Records for processing:
-----

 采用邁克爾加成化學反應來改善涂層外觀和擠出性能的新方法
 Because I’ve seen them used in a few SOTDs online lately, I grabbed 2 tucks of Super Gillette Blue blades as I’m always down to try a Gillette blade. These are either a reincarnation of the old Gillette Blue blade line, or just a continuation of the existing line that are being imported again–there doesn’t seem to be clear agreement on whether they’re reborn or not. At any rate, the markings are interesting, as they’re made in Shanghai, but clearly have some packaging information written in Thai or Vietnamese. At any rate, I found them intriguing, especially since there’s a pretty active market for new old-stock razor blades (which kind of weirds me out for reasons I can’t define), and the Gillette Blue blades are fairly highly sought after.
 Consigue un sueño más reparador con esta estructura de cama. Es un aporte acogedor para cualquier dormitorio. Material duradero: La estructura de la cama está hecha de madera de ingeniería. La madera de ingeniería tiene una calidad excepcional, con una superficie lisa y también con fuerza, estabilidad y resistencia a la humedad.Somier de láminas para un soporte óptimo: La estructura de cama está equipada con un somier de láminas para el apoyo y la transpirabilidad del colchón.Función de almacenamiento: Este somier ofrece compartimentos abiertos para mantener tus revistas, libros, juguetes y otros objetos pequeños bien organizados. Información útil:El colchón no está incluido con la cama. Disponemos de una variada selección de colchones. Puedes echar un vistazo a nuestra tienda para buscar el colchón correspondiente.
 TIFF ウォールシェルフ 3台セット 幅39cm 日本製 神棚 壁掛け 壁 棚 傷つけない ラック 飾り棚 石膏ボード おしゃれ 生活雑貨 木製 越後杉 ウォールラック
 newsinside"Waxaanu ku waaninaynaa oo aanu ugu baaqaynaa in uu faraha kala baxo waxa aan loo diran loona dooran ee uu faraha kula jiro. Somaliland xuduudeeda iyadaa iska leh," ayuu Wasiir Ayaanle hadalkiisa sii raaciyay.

-----

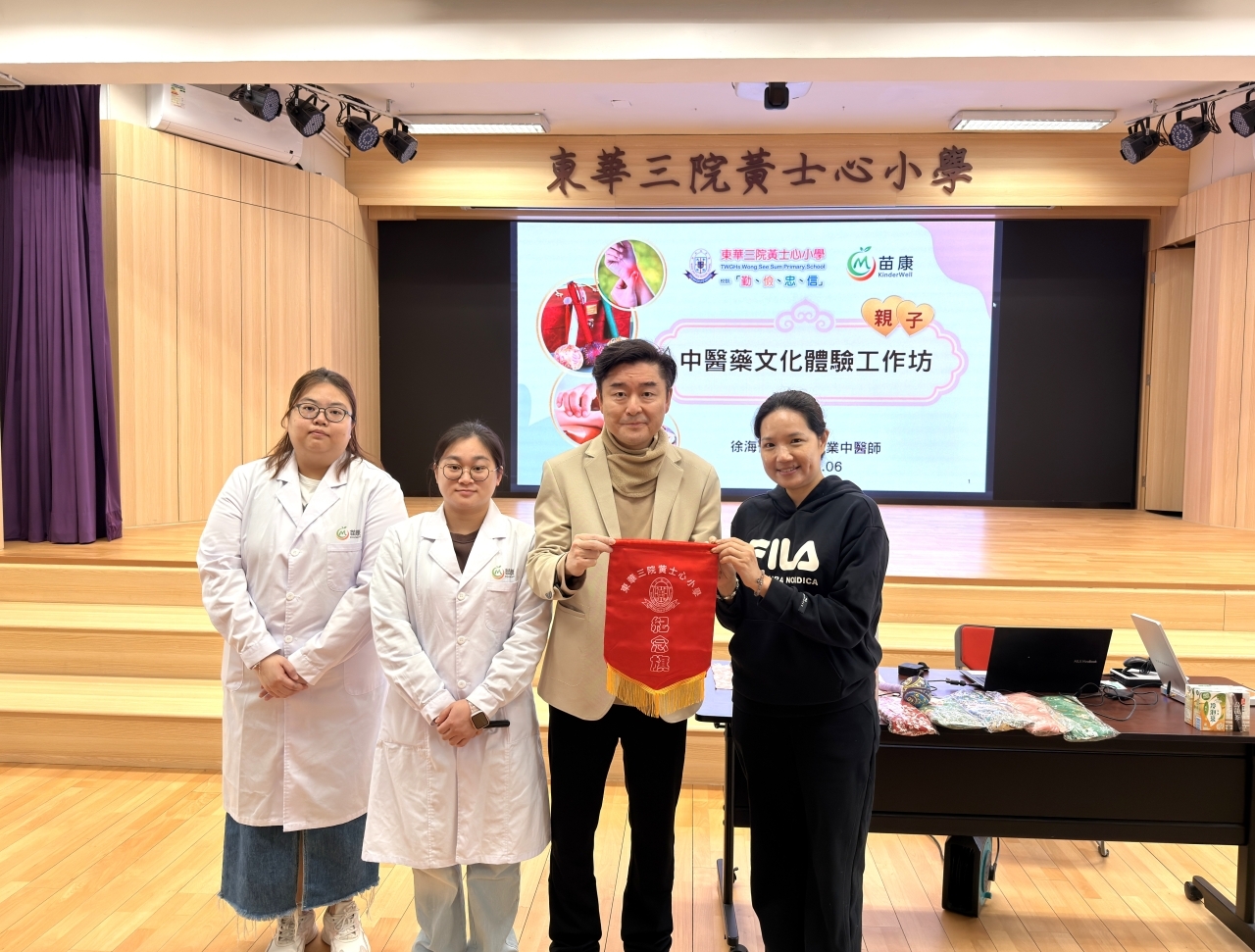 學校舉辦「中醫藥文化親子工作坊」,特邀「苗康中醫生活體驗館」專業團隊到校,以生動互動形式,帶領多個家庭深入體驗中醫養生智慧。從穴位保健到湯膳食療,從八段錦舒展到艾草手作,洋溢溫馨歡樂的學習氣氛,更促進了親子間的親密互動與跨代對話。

-----

Instructions to follow:
Give the exact lines, and only those, from the line containing "采用邁克爾加成化學反應來改善涂層外觀和擠出性能的新方法" through the line containing "hadalkiisa sii raaciyay." in the entries above.

Solved exercise:
 采用邁克爾加成化學反應來改善涂層外觀和擠出性能的新方法
 Because I’ve seen them used in a few SOTDs online lately, I grabbed 2 tucks of Super Gillette Blue blades as I’m always down to try a Gillette blade. These are either a reincarnation of the old Gillette Blue blade line, or just a continuation of the existing line that are being imported again–there doesn’t seem to be clear agreement on whether they’re reborn or not. At any rate, the markings are interesting, as they’re made in Shanghai, but clearly have some packaging information written in Thai or Vietnamese. At any rate, I found them intriguing, especially since there’s a pretty active market for new old-stock razor blades (which kind of weirds me out for reasons I can’t define), and the Gillette Blue blades are fairly highly sought after.
 Consigue un sueño más reparador con esta estructura de cama. Es un aporte acogedor para cualquier dormitorio. Material duradero: La estructura de la cama está hecha de madera de ingeniería. La madera de ingeniería tiene una calidad excepcional, con una superficie lisa y también con fuerza, estabilidad y resistencia a la humedad.Somier de láminas para un soporte óptimo: La estructura de cama está equipada con un somier de láminas para el apoyo y la transpirabilidad del colchón.Función de almacenamiento: Este somier ofrece compartimentos abiertos para mantener tus revistas, libros, juguetes y otros objetos pequeños bien organizados. Información útil:El colchón no está incluido con la cama. Disponemos de una variada selección de colchones. Puedes echar un vistazo a nuestra tienda para buscar el colchón correspondiente.
 TIFF ウォールシェルフ 3台セット 幅39cm 日本製 神棚 壁掛け 壁 棚 傷つけない ラック 飾り棚 石膏ボード おしゃれ 生活雑貨 木製 越後杉 ウォールラック
 newsinside"Waxaanu ku waaninaynaa oo aanu ugu baaqaynaa in uu faraha kala baxo waxa aan loo diran loona dooran ee uu faraha kula jiro. Somaliland xuduudeeda iyadaa iska leh," ayuu Wasiir Ayaanle hadalkiisa sii raaciyay.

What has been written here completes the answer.